The audio sanity reflected by the comments above increases my respect for the sartorial comments made by these posters with respect to clothes. From my reading of these comments on preferred equipment, those posting on this thread are truly "listening" to the music and are actively demonstrating a commitment to high performance and resisting the tides of fashion. Bravo!

Sweetbooness, what kind of passive preamp are you using? I once auditioned a "First Sound" that was astonishingly transparent.

Markus


----------



## jeph (Feb 16, 2006)

> quote:_Originally posted by Markus_
> 
> The audio sanity reflected by the comments above increases my respect for the sartorial comments made by these posters with respect to clothes. From my reading of these comments on preferred equipment, those posting on this thread are truly "listening" to the music and are actively demonstrating a commitment to high performance and resisting the tides of fashion. Bravo!
> 
> ...


I can recommend the diyaudiosupply Django transformer volume control as an excellent "passive" preamp. The closest I ever came to a straight wire with gain.

Regards

jeph


----------



## A Purist (Dec 30, 2003)

We can make our own SAT questions.

Oxxford Clothes is to McIntosh Labs what ________ is to Magnepan.


----------



## rl1856 (Jun 7, 2005)

Passives are very very easy to make and try out. I am in the middle of evaluating a Radio Shack sourced DIY passive that I put together in about 30min. I have it connected between the record out connection of the PV-5 and the amp. I am using generic gold RCA jacks, 22ga solid wire and an ALPS 100k stereo volume control. I intend to experiment with different values of shunting resistors until I settle on what I like.

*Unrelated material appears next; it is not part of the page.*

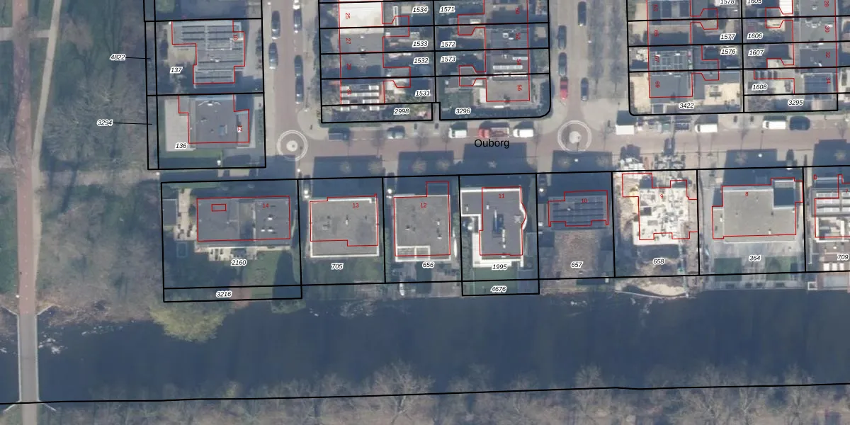 Het perceel waarop Ouborg 12 staat heeft een oppervlakte van 448 m². Dit is een groot perceel. De perceeloppervlakte wordt geregistreerd door het Kadaster. Gedetailleerde informatie over de maten van dit perceel kunt u vinden in het rapport Kadastrale kaart met maatvoering van Ouborg 12.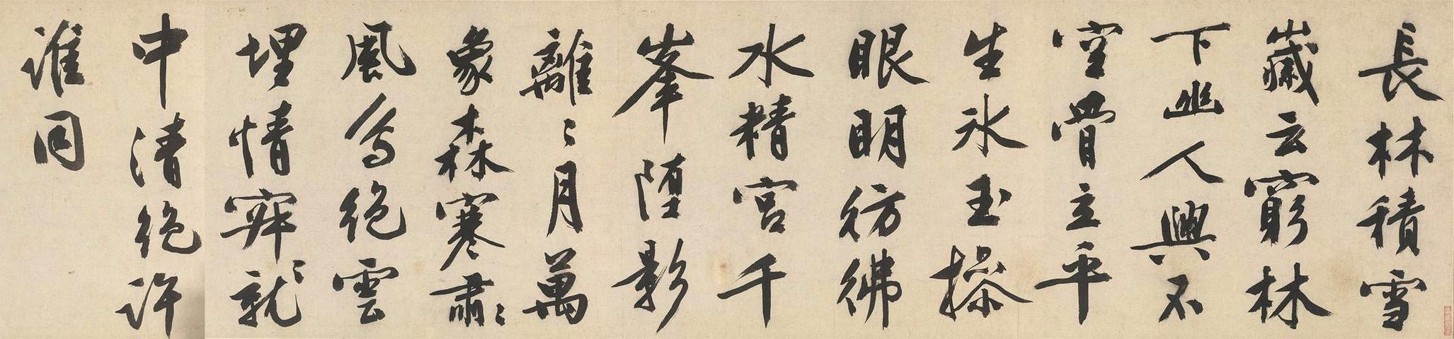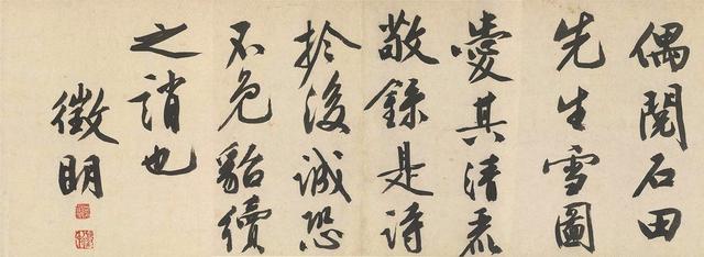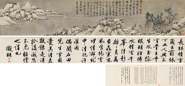 此卷绘雪景,起首处为丛岩杂树数株,更见萧疏之致,过石桥可见人家,屋后山崖多点矾头,矮树斜出,更可见宋人遗意。湖中有一渔翁垂钓,颇有“孤舟蓑笠翁,独钓寒山雪”的感觉。画卷收尾处为远山,勾轮廓而辅以皴法,再以浓墨加矾点,得幽静凝重之境。吴湖帆评为“石翁宗法董、巨、痴翁、梅沙弥,为南宗嫡派,然于希古、马、夏工力至深,又可为北宗骄子,故一点一画间无不浑厚锋棱兼具。”沈周画后,为文徴明大字题诗一首,征明因“偶阅石田先生雪图,爱其清丽”而书,乃晚年力作,老笔漫写,古朴而跌宕有神。

Once I have refined the design, I'll replicate it with higher quality parts (RCA jacks, ALPS Blue Velvet pot, Vishay resitors, 30ga Litz wire). 

When finished, I expect the total monetary outlay to be in the area of $150. I can not think of a better upgrade value.

Best,

Ross


----------



## summej2 (Dec 19, 2005)

> quote:I knew it, I just knew it. Brothers in more than just an afinity for trad clothes!


That's exactly what I thought when I saw this thread... I use a home-rolled 2A3 with Audio Note transformers, a Fisher 400 in my office at work, and a Marantz Model 1 for listening to 78s.

Certainly it takes a certain type to seek out "worn quality" over "perfectly new junk."

Along those lines I'll bet I'm not the only one to use a vintage Leica or Hasselblad either...


----------



## sweetbooness (Feb 26, 2004)

My passive is from Luminous Audio, speakers Quad ESL989.


----------



## dpihl (Oct 2, 2005)

> quote:_Originally posted by gator_
> 
> darnit i was hoping this thread was about guitar amps


Okay, but I'm not so certain you want to go there.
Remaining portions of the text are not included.